It's been a few days since I've been here. Went to church with my cousin and her family on Saturday. Early Saturday, I sent him a text sincerely apologizing for my actions. Later that day, he responded saying I've been thinking about you a lot. I was not expecting a response. A few days have passed and I haven't heard from him again. I sent a text today telling him I missed him and that I wanted to save our relationship. He hasn't responded and I don't think he will. I kind of feel like I set myself up for a slap in the face. I don't know what his reason for sending me that text was. I don't really understand why he'd say that and not continue a conversation with me. I'm feeling just as I did the first day of the break up. While I understand that my life goals do not coincide with his, I still want to be with this man.

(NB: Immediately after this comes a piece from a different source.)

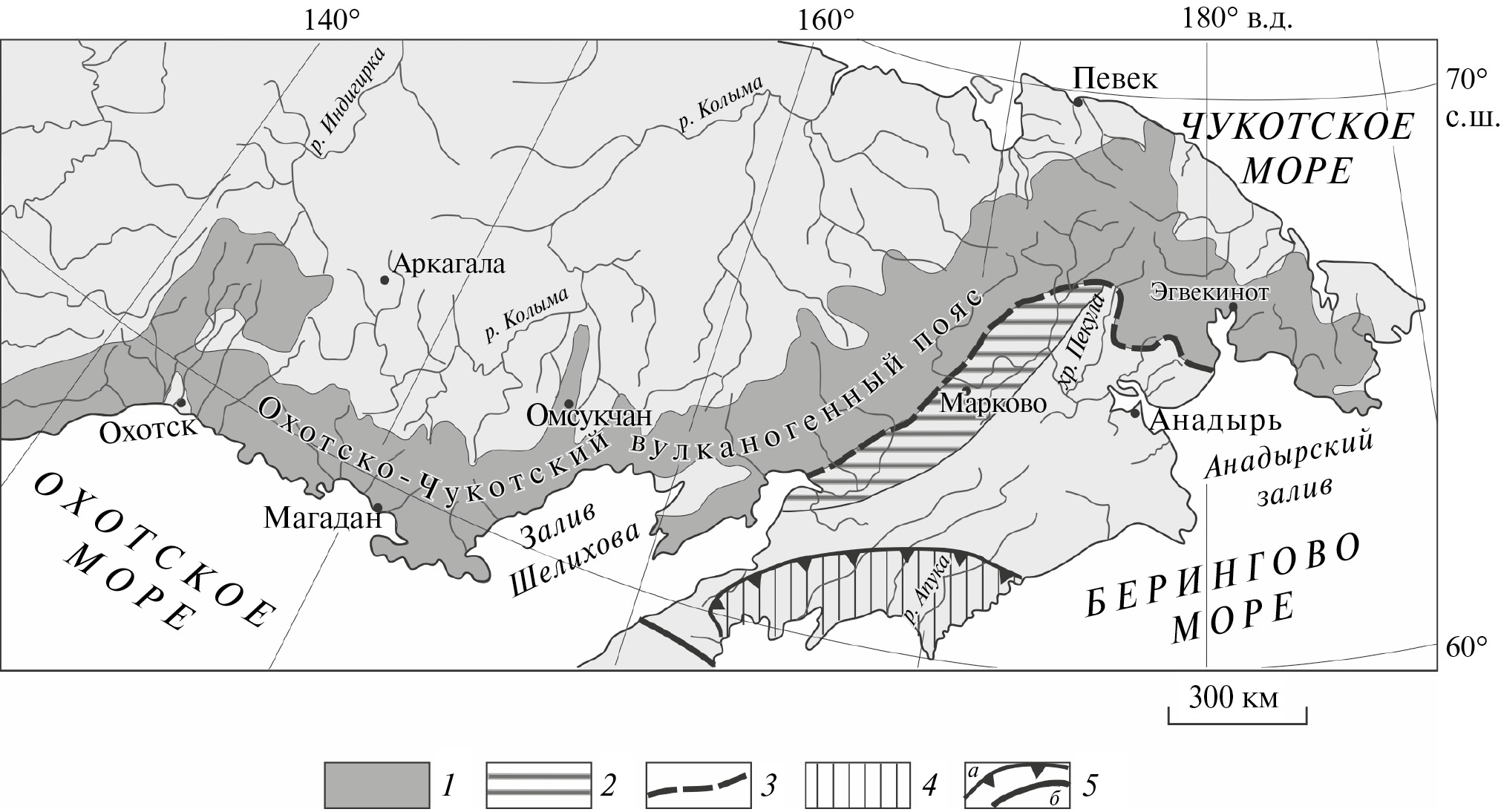 Таким образом, в современной структуре Евразийской окраины совмещены одновозрастные верхнемеловые вулканогенные образования [91] и, если Немуро-Олюторская внутриокеаническая дуга возникла в процессе субдукции океанической коры Пацифики, то формирование Охотско-Чукотского вулканогенного пояса, отделенного этой дугой от Пацифики, должно быть связано с существованием иного океанического бассейна, существовавшего на протяжении ~20 млн лет [60].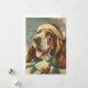 Capture o espírito festivo com um charmoso cobrir de cartão de Natal com um charmoso cesto enfeitado em um chapéu de Papai Noel, cercado por luzes cintilantes e um pano de fundo de terra maravilhosa de inverno de neve.

I need to let this go. I need to be patient with myself and allow things to happen. I can not control this. What is happening is going to happen regardless, so I need to accept it as it comes. I don't think I'll hear from him again. He will most likely disregard my text and hope that I just go away. I feel that I've done all that I could do.
I wonder what's so special about this guy that you are so attracted to him. Based on what you wrote, there are better fish in the pond. And yes there are men in their mid to late thirties that have intentions of starting a family me being one of them. He's upset that he doesn't have a meal prepared on the table? Chilling on the patio drinking beer and smoking cigarettes.. Sounds like a real tool if you ask me. Surely you can do much better.

So why don't you put yourself out there and see what kind of men you can find? You said you were going to church. Maybe there are some men there that'd be a good fit.


Like others have stated, those hard feelings you get when you lose one you care about go away in time. It doesn't seem like it now, but it does. Been there done that. You will keep moving on.

Agree with the other posters that you probably am only opening the door to get slapped down again by this guy.

He needs to stop playing games and you need to stop allowing him to do it .. as it looks like to me from the information that's posted. If he's content being alone let him be alone. There are plenty of guys looking for companionship.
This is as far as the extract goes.